One of my old employers dutifully did tape backups every day, and one of the bosses took them home.
During an upgrade it was revealed that the drive wasn't working, and hadn't been working for at least a year (I think that's how far back the backups went).
But I'd love to hear how people practice restoring all their backups on a regular basis when it requires having an enormous amount of space. Practically, I just restore a few backups every month, and if it works, I just assume the others work as well (which I know is a false assumption, but what are you going to do?)
These would happen outside heavy operation hours, and if successful, the restored servers would become the live servers in most instances.
These were done using scripted vmware instances, mostly restoring from StorageCraft Shadow Protect backups.
File server was the most resource intensive and the most prone to complaints about downtime, but usually the trade off was fine.
DB server was usually fine due to the out of hours restore, and the ability to master - slave - replicate - handover.
Mail server was usually transparent as you could set up smtp transfer rules for incoming, and outgoing didn't really care.
The trickier ones were things like IBM I Series servers that usually require periodic full system saves, restores and tests.
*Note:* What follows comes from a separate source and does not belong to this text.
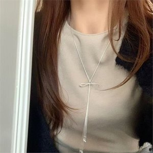 女性用シルバーリボンプルネックレス、シンプルなインコールドスタイルロングアクセサリー、韓国ファッション気質鎖骨チェーン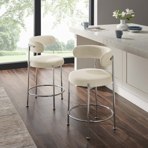 Experience luxury and modern sophistication with the Albie Fabric Dining Counter Stools - Set of 2. Upholstered in high quality fabric, this counter-height stool set exhibits a chic silhouette with its rounded seat and curved backrest, enhancing your dining or kitchen area's aesthetic. Resting on adjustable non-marking foot pins to provide stability and protect your flooring, the bases of these counter stools are crafted from sleek tubular metal that's the perfect complement to the charming upholstery. The dense padded foam seat cushions and backrests offer a premium seating experience during everyday mealtime or entertaining. Minimal assembly is required with easy to follow instructions. Weight Capacity: 330 lbs.

These couldn't be done automatically without excessive licensing fees and much manual baby sitting.
If you get to the point where you have automatic scheduled DR, you can be pretty confident your backups are working.
It the automated DR fails, you roll back, learn whatever lesson the failure taught you, and change the system so it doesn't happen again.
Summary: schedule DR, not backups.
However, we have around 30 different databases, each of which take more than a day to restore. We backup databases every X days, upload them to S3, and delete the previous ones, keeping only the last 3 or so.
So if it takes us 30 days to restore all the databases, those backups might already have been gone in S3 as part of the cleanup operation anyway.
It just gets complicated, and non-trivial when you have multiple databases, each TB's large.
The solution is to have a tape or disk library and have the other machine take over for restore. If you have TBs of data you can afford a library and another PC to run the recovery test.
Nobody said it was. This subthread is about the importance of testing backups in general.
> If you have TBs of data you can afford a library and another PC to run the recovery test.
They already explained how that's not enough. Yes, they can add more, but you're missing some info there.
I've tried various options over the years but I haven't found a simple OTS non-tape offline backup solution. There's a lot of potential here for a solution.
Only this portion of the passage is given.